CBM domains have been classified into seven fold families, i.e., β-sandwiches, β-trefoils, cysteine knots, unique, OB folds, hevein folds, and hevein-like folds [8]. The β-sandwich and β-trefoil folds have been found in CBMs, and these β-strand folds are conserved among CBM families. We first predicted the secondary structure elements of the CBMs using the Discrimination of protein Secondary structure Class (DSC) algorithm [27]. When a residue was predicted to be α-helical or β-stranded with a probability of <50%, it was annotated as a loop residue (Only high confident predictions for helix and strand were labeled for latter sequence alignment.). On average, a three-state (helix, strand and loop) accuracy of 70.1% was obtained by DSC.

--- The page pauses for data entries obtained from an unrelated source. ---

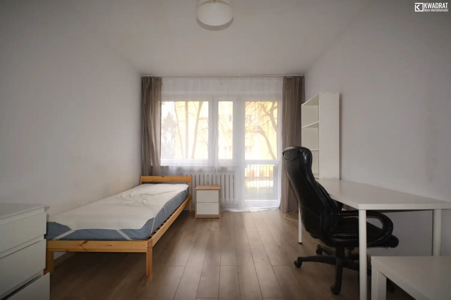Okna PCV z ekspozycją na PN i PD. Na podłogach panele i terakota.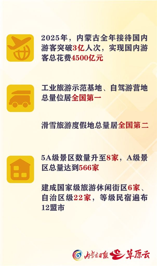 數(shù)據(jù)說話,最有分量。2025年,內(nèi)蒙古全年接待國內(nèi)游客突破3億人次,實現(xiàn)國內(nèi)游客總花費4500億元。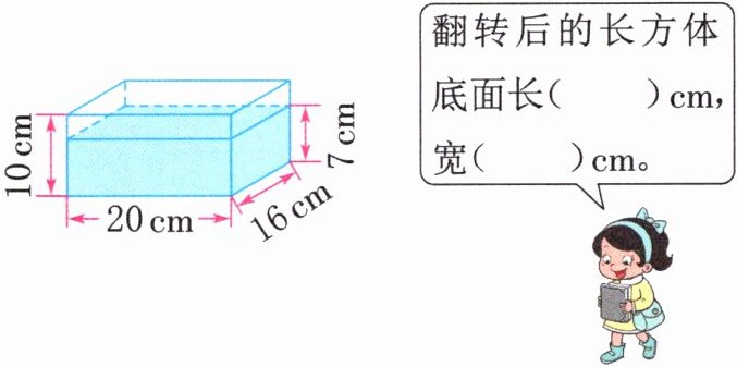 1. 如图是一个长方体密闭容器,从里面量长 20 cm,宽 16 cm,高 10 cm,平放时水深 7 cm。若向右翻转竖起来,则这时密闭容器中水深多少厘米?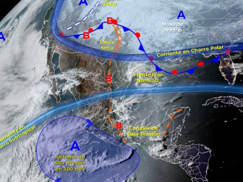 El día de hoy ingresará el frente frío número 51 sobre el norte de México e interaccionará con una línea seca que se establecerá sobre Coahuila y con la entrada de humedad del Golfo de México; ambos originarán lluvias e intervalos de chubascos en el norte y noreste del país, presentándose lluvias fuertes en Coahuila, así como fuertes rachas de viento en dichas regiones y con probabilidad para la formación de torbellinos o tornados en Coahuila y Nuevo León, principalmente en horas de la noche o madrugada del jueves.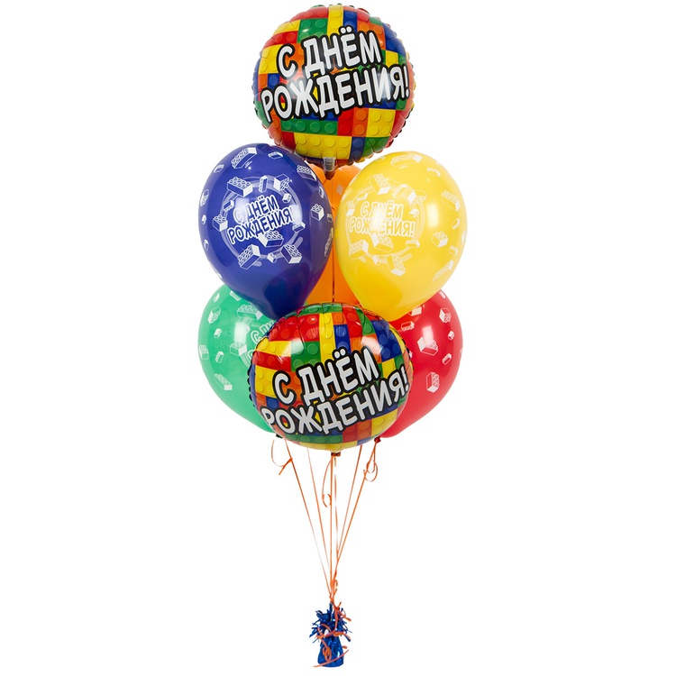 Круглый фольгированный шар с изображением разноцветных кубиков Лего и надписью С Днём Рождения продаётся в ненадутом виде. Для надува рекомендуется использовать гелий. Шар изготовлен из тонкой миларовой пленки (фольга на полиэтиленовой основе). Шар имеет встроенный клапан, что упрощает надувание.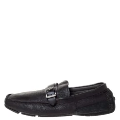 Versace Black Leather Buckle Detail Slip On Loafers Size 43 For Men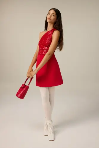 “バンブー”をトーンオントーンで配した、艶やかなレッドの「ル ロゾ スパークリング」。丁寧にあしらわれた無数のスパンコールが煌めく、パーティーシーズンにぴったりなバッグです。

Hydrophilic aromatic residue identification

CBM ligand-binding sites are of three types: surface binding (type A), glycan-chain binding (type B), and small-sugar binding (type C) [7]. Type A CBMs possess a platform-like hydrophobic surface consisted of aromatic residues. In contrast, the binding site architecture of type B CBMs shapes a cleft or groove arrangement in which aromatic residues interact with free single polysaccharide chains. Due to stereo restriction in the binding site, Type C CBMs lacks of the cleft form as in type B CBMs only bind mono-, di-, or trisaccharides. In general, CBM ligand-binding sites contain aromatic and polar residues. In terms of their ligand-binding interactions, aromatic residues are involved in aromatic stacking, whereas polar residues form hydrogen bonds with ligands [8]. Additionally, polar residues adjacent to aromatic residues can enlarge the surface area of neighboring regions thereby increasing the contact area(s) between the binding residues and ligands. In our previous study, the number of preferred occurrence time that polar residues flanked an aromatic residue was determined for starch-binding CBMs [21], and the aromatic residues that were flanked on both sides by polar residues were defined as HARs. For this study, the occurrence time for two upstream and downstream amino acids that flank 97 known ligand-binding aromatic residues was summarized in Table 3 (the structure template profiles including known ligand-binding aromatic residues are shown in Supporting Information Table S2). Interestingly, the preferred occurrence times for Asn (N), Ser (S), Asp (D), Thr (T), Gln (Q), Glu (E), and Lys (K) are observed and consistent with their ligand-binding functionality for polar residues in CBMs. To identify potential HARs, the weighted scores (directly derived from the occurrence times) of the sets of two upstream and downstream flanking residues for each aromatic residue were summed. When the sum was greater than or equal to the cut-off threshold of 97 (see Discussion), these aromatic residues were defined as HARs. For example, the motif GSWNP had a score of 134 (49 + 34 + 43 + 8), and therefore, the central tryptophan was identified as an HAR. Conversely, the motif PTYKA had a score of 92 (8 + 34 + 20 + 30), and the central tyrosine was therefore not identified as an HAR. Step 1 and step 2 identified the core-conserved sequence signatures associated with secondary structure prediction and HARs that were then used for sequence alignment.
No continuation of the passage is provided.